DATA FOR REVIEW:
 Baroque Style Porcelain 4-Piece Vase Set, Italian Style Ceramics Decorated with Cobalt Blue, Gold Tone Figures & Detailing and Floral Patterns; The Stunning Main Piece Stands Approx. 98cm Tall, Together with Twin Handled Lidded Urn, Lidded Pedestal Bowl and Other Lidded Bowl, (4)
...
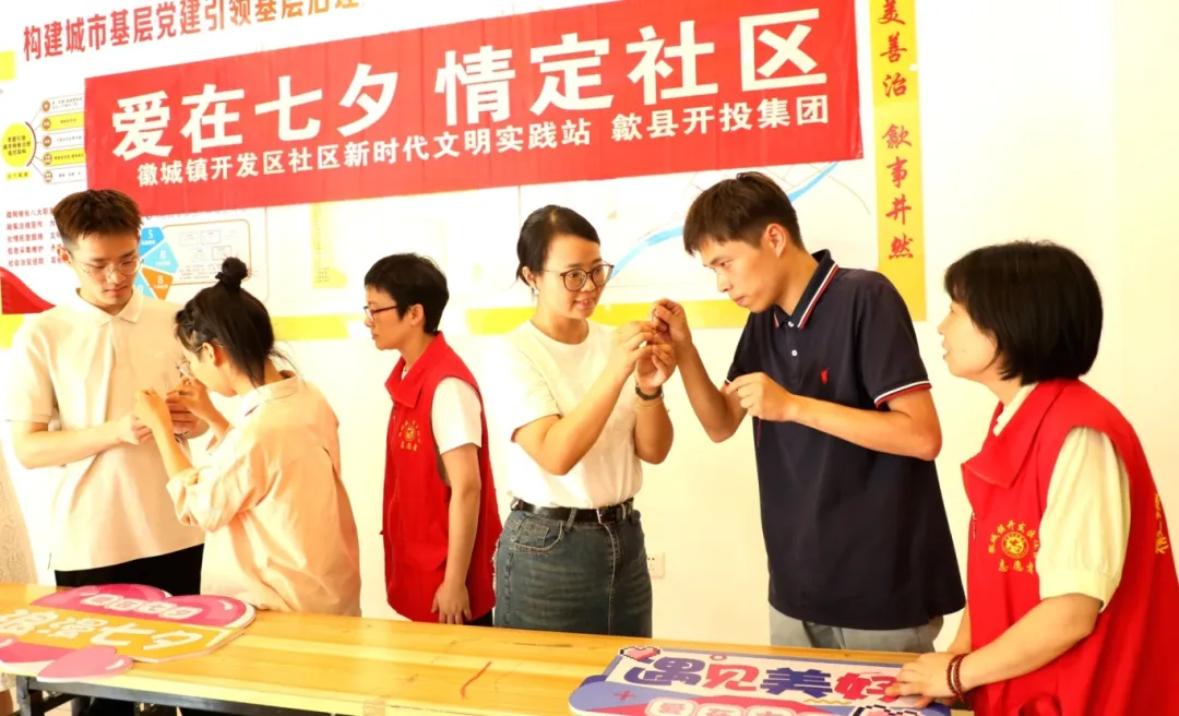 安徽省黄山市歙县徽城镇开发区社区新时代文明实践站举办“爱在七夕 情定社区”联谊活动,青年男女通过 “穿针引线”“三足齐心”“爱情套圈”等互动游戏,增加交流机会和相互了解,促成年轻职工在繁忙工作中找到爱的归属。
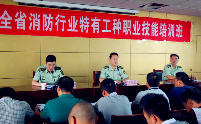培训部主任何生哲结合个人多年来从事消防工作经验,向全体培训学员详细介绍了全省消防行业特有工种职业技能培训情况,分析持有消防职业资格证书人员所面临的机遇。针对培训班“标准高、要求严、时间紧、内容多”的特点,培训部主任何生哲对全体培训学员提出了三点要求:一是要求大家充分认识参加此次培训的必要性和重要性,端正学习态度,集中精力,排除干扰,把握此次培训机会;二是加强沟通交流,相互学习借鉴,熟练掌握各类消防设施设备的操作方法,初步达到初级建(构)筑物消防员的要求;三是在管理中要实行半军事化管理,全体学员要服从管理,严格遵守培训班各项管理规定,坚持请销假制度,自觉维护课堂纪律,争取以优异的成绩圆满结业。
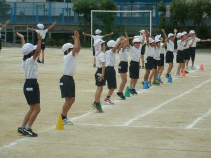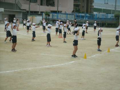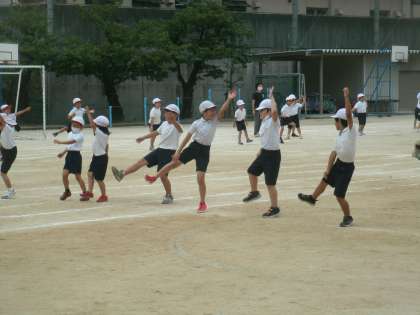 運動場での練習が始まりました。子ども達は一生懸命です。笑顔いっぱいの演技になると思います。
---
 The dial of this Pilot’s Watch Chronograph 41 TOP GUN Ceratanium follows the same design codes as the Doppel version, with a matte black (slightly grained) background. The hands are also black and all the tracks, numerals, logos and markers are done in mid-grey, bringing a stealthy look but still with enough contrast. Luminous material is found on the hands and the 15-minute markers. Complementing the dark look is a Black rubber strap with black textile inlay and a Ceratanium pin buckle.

WORK ORDER: Copy out each line from the listing that contains the string "with".

RESULT OF THE EXERCISE:
 Baroque Style Porcelain 4-Piece Vase Set, Italian Style Ceramics Decorated with Cobalt Blue, Gold Tone Figures & Detailing and Floral Patterns; The Stunning Main Piece Stands Approx. 98cm Tall, Together with Twin Handled Lidded Urn, Lidded Pedestal Bowl and Other Lidded Bowl, (4)
 The dial of this Pilot’s Watch Chronograph 41 TOP GUN Ceratanium follows the same design codes as the Doppel version, with a matte black (slightly grained) background. The hands are also black and all the tracks, numerals, logos and markers are done in mid-grey, bringing a stealthy look but still with enough contrast. Luminous material is found on the hands and the 15-minute markers. Complementing the dark look is a Black rubber strap with black textile inlay and a Ceratanium pin buckle.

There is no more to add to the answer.